11-year-old: Can I join the swim team? You won’t have to do anything for it.
Me: Who’s going to get your to and from all the practices and meets and pay for everything?
11: Other than that.
Me: I like my whiskey like my marriage
Bar tender: On the rocks?
Me: What? No. Full of coke
Have I ever steered you wrong?
*flashback to you at zoo in bear suit
Me: They wont attack if ur dressed like one of them, now go get my ball
HAMMOND: and then I extract the dinosaur blood from the mosquitoes
DR. GRANT: are you gonna use it to clone them?
HAMMOND: *takes sip from trex blood smoothie* use it to what?
Every once and a while you come across a person full of zest for life, that person is the reason they invented chloroform.
Apparently, this is how the world ends.
My kids challenged me to a cartwheel contest.
Long story short, now my chiropractor has a new boat.
Only death will keep me from you. Or cake. Or Netflix. Or kittens….hold on, I have a list.

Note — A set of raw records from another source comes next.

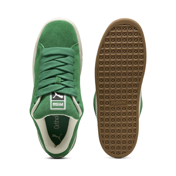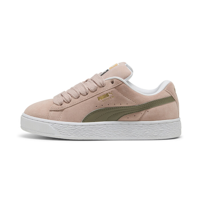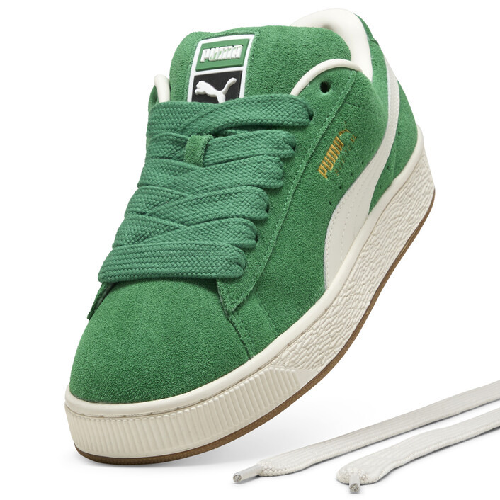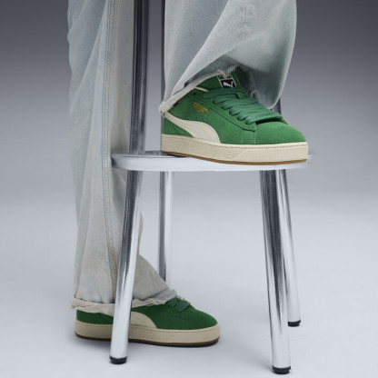 This fresh take on the classic Suede draws inspiration from PUMthtA’s heritage within breakdancing and its influence on modern streetwear. The Suede XL retains the Suede’s iconic DNA, but gives it a twist with an exaggerated padded collar and tongue, plus a chunkier sole. This execution features a full suede upper with a leather Formstrip.
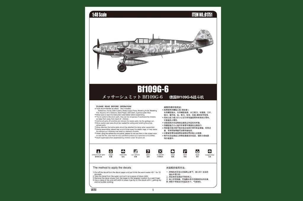 The Messerschmitt Bf-109G, produced up to the end of WWII, was the most mass-produced model of the Bf-109. Some pilots of this aircraft remarked that the increase in speed achieved by the installation of a high-power engine (DB-605) resulted in a machine which was more difficult to control. The Bf-109G began manufacturing in the summer of 1942. The basic modifications were of G-1 and G-2 the engine DB-605A, one 20mm cannon, and two 7,62mm machine guns; of G-3 and G-4 the modified radio equipment, and of G-5 and G-6 the high-power cannon armament.
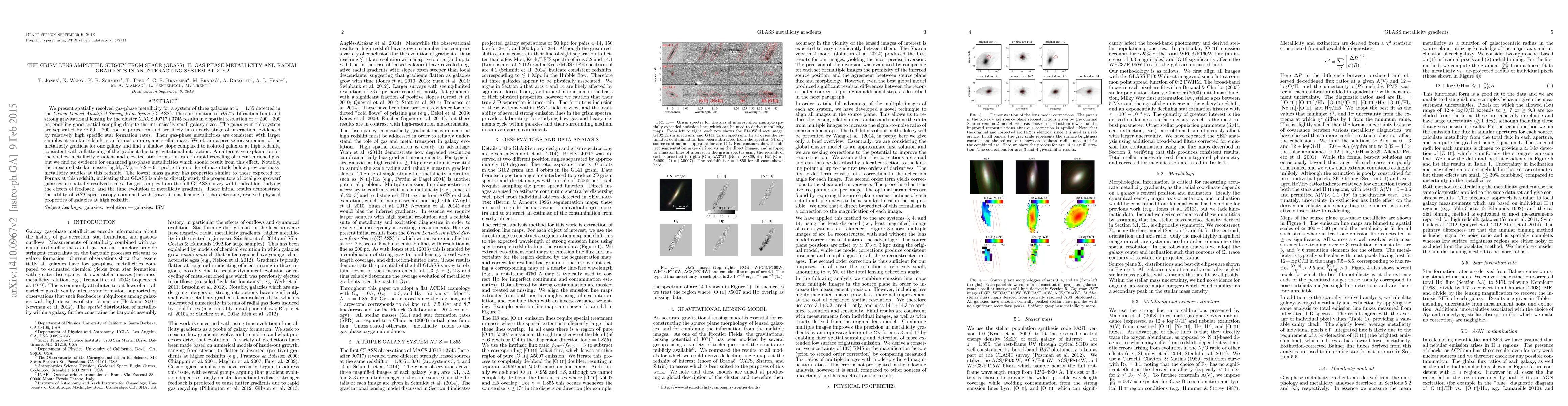We present spatially resolved gas-phase metallicity for a system of three galaxies at z=1.85 detected in the Grism Lens-Amplified Survey from Space (GLASS). The combination of HST's diffraction limit and strong gravitational lensing by the cluster MACS J0717+3745 results in a spatial resolution of ~200-300 pc, enabling good spatial sampling despite the intrinsically small galaxy sizes. The galaxies in this system are separated by 50-200 kpc in projection and are likely in an early stage of interaction, evidenced by relatively high specific star formation rates. Their gas-phase metallicities are consistent with larger samples at similar redshift, star formation rate, and stellar mass. We obtain a precise measurement of the metallicity gradient for one galaxy and find a shallow slope compared to isolated galaxies at high redshift, consistent with a flattening of the gradient due to gravitational interaction. An alternative explanation for the shallow metallicity gradient and elevated star formation rate is rapid recycling of metal-enriched gas, but we find no evidence for enhanced gas-phase metallicities which should result from this effect. Notably, the measured stellar masses log(M/Msun) = 7.2-9.1 probe to an order of magnitude below previous mass-metallicity studies at this redshift. The lowest mass galaxy has properties similar to those expected for Fornax at this redshift, indicating that GLASS is able to directly study the progenitors of local group dwarf galaxies on spatially resolved scales. Larger samples from the full GLASS survey will be ideal for studying the effects of feedback, and the time evolution of metallicity gradients. These initial results demonstrate the utility of HST spectroscopy combined with gravitational lensing for characterizing resolved physical properties of galaxies at high redshift.

When the ex asks to be friends… it’s like your mum telling you that your dog is dead but you can keep it.
iPods will never teach kids to be ready to jump over sofas to push the “Rec” button on the tape deck when your song comes on.
Yes I’m full of microplastics but it’s actually been helpful. It’s given me superpowers. I can communicate with Tupperware
[Dog doing something I don’t want him to do]
Me: No
Dog: “Dear Sir or Madam: Thank you for your thoughts on the matter. We shall take them under advisement.”
It’s beginning to cost a lot like Christmas
Wrestling is obviously fake.
Why would two people fight
over a belt when neither of
them are wearing pants?
People who think I’m boring should see the Excel spreadsheet I’ve designed to present all the data to the contrary. The macros alone will convince you.
one day, after your children have moved out, you realize it was your husband who you needed to hide the good cookies from all along
I called 5 a nerd and she started crying. When I explained it was a good thing and that I was a nerd, she started crying harder.
If your coffee smells of sausages, there’s a fair chance you’ve accidentally made yourself a cup of sausages.
Fe
Fi
Fo
Fum
Rhyme scheme tweets are kinda dumb
“i cnat believe this!” he yells as his beard of bees turns on him. “i would expect this from the others but not u” he says to 1 specific bee
Adulting, but it’s just me reminding my kid every day which grown-up words he shouldn’t say in kindergarten
it’s bullshit that someone made a bowl out of wet dirt 30,000 years ago and now i have to load a dishwasher
It’s been six years since my job interview.
I’m beginning to suspect they chose someone else.
I love giving a little kid the tongue, and then watching him run to his mother holding the severed tongue I just gave him.
[worried my date might be getting bored so i turn my video game difficulty from easy to hard]
Hate when Walmart doesn’t have what I need & I have to go home, change out of my pajamas & brush my hair so I can go to Target
6yr old: “We’ll see” means there’s a chance, right mom?
Me: Sure, let’s go with that.
chicken: [stamps out cigarette] have you even once considered that THIS is the other side of the road?